* Brief *
If a line in the entries below includes the string "code", copy it out.

• • • •

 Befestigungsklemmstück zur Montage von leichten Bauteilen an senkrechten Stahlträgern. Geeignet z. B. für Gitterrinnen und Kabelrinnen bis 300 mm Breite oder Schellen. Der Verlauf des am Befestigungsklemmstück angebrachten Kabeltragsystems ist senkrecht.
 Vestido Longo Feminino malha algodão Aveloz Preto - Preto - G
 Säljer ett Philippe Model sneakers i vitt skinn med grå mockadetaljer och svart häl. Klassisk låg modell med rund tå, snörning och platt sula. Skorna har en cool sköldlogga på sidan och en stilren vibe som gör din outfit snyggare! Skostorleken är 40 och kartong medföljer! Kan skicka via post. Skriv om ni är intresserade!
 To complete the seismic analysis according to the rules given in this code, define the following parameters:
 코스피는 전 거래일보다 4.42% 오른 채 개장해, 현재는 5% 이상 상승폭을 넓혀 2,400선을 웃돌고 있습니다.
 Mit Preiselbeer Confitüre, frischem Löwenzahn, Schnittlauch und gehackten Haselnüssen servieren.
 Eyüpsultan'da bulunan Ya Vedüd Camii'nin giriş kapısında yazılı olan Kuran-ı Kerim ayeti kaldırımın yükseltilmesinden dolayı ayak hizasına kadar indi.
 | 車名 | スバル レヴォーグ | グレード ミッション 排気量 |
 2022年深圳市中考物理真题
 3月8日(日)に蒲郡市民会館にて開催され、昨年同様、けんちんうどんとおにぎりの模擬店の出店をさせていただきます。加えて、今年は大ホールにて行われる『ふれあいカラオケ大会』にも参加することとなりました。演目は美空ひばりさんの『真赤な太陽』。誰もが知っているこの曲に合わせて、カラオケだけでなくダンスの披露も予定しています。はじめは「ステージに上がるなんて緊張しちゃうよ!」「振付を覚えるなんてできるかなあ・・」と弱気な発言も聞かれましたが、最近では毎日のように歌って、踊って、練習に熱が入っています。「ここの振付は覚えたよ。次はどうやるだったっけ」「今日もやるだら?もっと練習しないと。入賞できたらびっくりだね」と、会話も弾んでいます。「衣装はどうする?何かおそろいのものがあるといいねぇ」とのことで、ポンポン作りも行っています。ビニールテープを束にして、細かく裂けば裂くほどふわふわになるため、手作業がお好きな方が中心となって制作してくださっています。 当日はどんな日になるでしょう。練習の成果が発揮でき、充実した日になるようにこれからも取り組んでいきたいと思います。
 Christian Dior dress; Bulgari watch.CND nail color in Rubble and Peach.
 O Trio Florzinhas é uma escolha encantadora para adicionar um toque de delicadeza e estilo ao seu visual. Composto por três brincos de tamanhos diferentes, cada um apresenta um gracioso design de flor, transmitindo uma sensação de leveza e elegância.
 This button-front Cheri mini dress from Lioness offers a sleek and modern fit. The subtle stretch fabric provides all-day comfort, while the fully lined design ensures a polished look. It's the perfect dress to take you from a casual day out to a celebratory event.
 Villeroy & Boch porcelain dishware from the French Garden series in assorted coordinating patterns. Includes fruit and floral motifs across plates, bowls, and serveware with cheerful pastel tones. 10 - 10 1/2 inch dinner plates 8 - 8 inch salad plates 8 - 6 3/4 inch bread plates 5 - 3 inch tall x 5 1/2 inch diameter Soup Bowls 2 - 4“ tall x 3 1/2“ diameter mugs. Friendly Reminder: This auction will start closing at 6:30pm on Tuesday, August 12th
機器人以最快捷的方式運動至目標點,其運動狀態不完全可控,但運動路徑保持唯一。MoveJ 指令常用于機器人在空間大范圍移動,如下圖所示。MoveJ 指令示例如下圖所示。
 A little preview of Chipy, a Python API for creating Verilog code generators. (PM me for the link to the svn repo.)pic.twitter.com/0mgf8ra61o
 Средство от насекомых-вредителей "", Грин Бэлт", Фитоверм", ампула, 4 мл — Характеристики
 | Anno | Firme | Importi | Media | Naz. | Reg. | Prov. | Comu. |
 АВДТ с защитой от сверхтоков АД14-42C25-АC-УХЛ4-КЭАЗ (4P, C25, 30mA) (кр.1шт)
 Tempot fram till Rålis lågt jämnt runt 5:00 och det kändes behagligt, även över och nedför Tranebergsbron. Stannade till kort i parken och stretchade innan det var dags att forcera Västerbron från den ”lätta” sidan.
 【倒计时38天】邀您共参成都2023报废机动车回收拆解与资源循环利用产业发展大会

• • • •

* Result for this exercise *
 To complete the seismic analysis according to the rules given in this code, define the following parameters:
 A little preview of Chipy, a Python API for creating Verilog code generators. (PM me for the link to the svn repo.)pic.twitter.com/0mgf8ra61o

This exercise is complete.